Ask almost any nurse where they want patient care supplies and medications, and they will most likely say inside or just outside the patient room. 

Considering the mounting research from the past several years on how much time a nurse spends away from the bedside to hunt and gather medications, supplies, and equipment, along with the intense focus on quality outcomes and Lean processes, it is no wonder that more patient room designs are including bedside medication storage. 

Providing bedside storage for medications is not a new concept. The early Friesen hospitals included a “nurse-server” concept that featured passthrough cabinets for supplies and medications. The operating model included medication supply delivery by pharmacists who stocked the medication drawers from the outside of the room while nurses accessed the locked drawer from the inside of the room. 

The concept of medications at bedside has evolved to mobile carts, often with computers or workstations on wheels, where lockable drawers can be added to store medications for all patients a nurse is assigned to. 

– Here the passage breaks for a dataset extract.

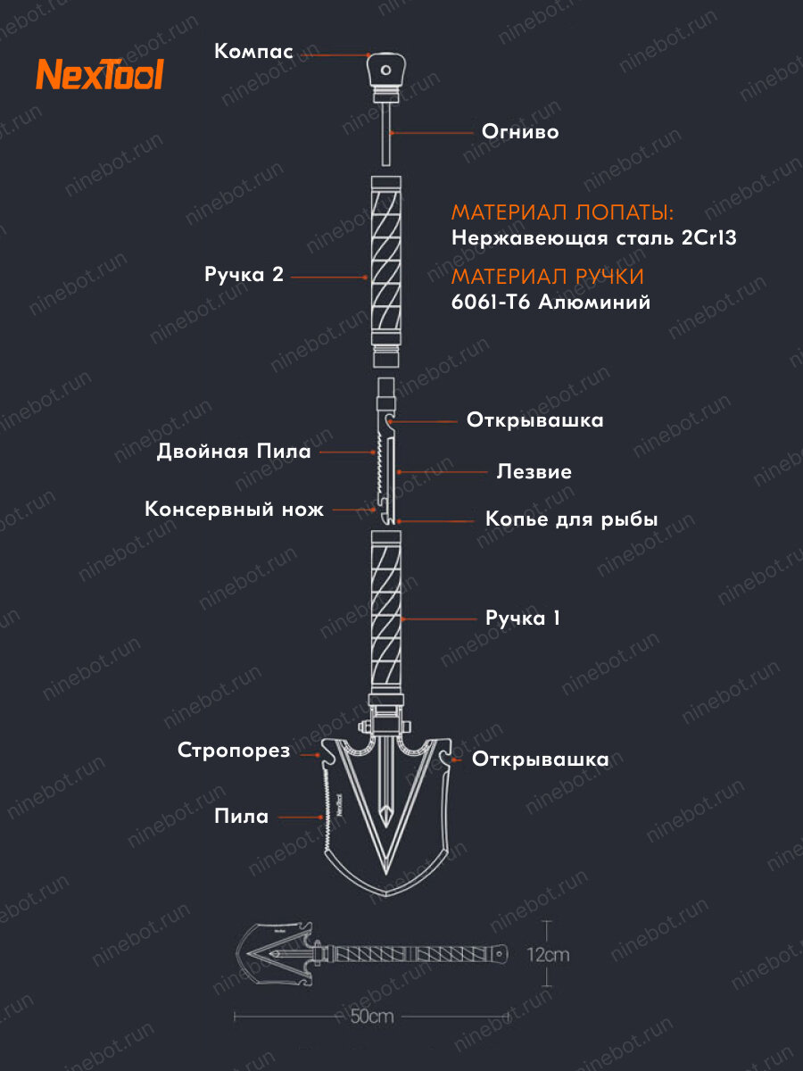 | Дополнительная информация | Лопата имеет 9 функций: 1. Компас. 2. Стеклобой. 3. Кресало. 4. Канатный нож. 5. Открывашка. 6. Огниво. 7. Пила. 8. 2 составные ручки. 9. Лопата. |

Adding medication drawers to casework in the room, or as a passthrough is also a popular concept. Whether a hospital chooses to store and dispense medications from a traditional medication room concept, at bedside, or a combination of both, the decision needs to keep patient safety as the priority and be inclusive of the following:
 

Pharmacy and nursing collaboration
Bedside medication storage processes require a close alignment and partnership in processes between pharmacy and nursing. It is important to identify who will place and remove the medications in the cabinets or carts at bedside, how they will be returned to pharmacy, and how often they will be stocked. 

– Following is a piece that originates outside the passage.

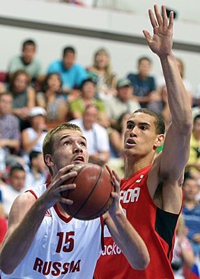 Dwight Powell blocking a shot from a Russian opponent at the 2013 Kazan Universiade

With bedside storage, the responsibility often falls on the nurses to stock the medications from a medication room. When you consider that controlled and refrigerated medications as well as floor stock are also kept in medication rooms or automated dispensing devices, nurses will still go to more than one location to “gather” medications.
 

Organizational processes
Large teaching hospitals and academic medical centers, as well as high acuity specialty units, often have patients who require a frequent change in medications and dosages. 

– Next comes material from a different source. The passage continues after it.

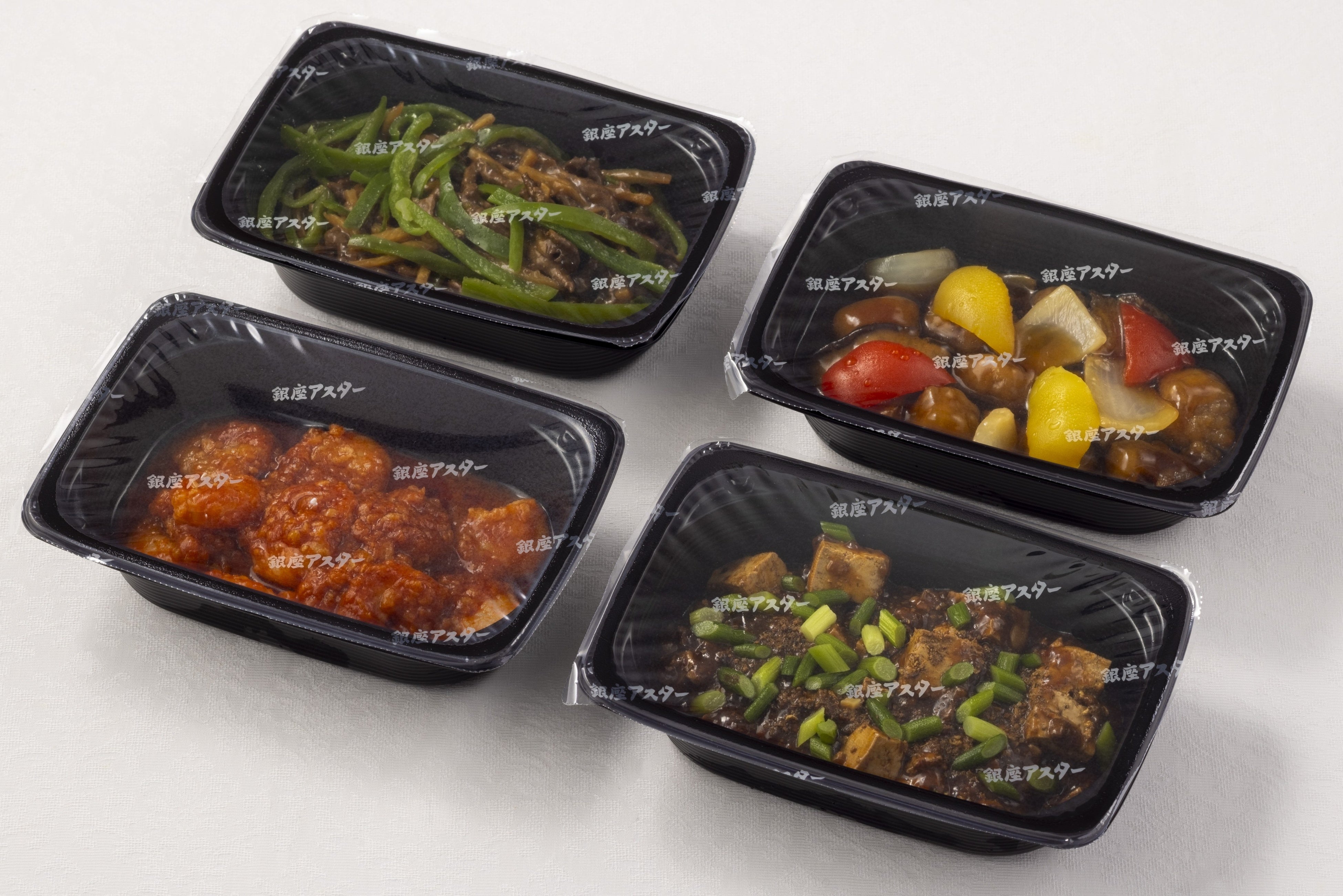 阪急うめだ本店のお客様に銀座アスターの味を体験していただくために、当店限定でお弁当を販売。銀座アスターで人気の「海老のチリソース煮」「牛肉とピーマンの細切り炒め」「酢豚」をメインとした3種類のお弁当を展開いたします。

Short of having a pneumatic tube deliver these new medications into each patient room at the time of the order, it is possible that the process to deliver each new medication to the bedside could result in a slower turnaround from pharmacy to patient administration.
 

Physical design
Medication rooms or automated dispensing locations should provide acoustical sound attenuation to limit human distraction, adequate lighting, and work surfaces for mediation preparation. The number of medication rooms/automated dispensing devices needs to be carefully planned to foster timely administration and eliminate excessive travel distances (typically not further than 50 feet) from any patient room and nurse queuing to retrieve medications. 

Security is critical for both rooms and bedside solutions. Locking mechanisms should include “mistake-proof” solutions, such as automatic drawer closing.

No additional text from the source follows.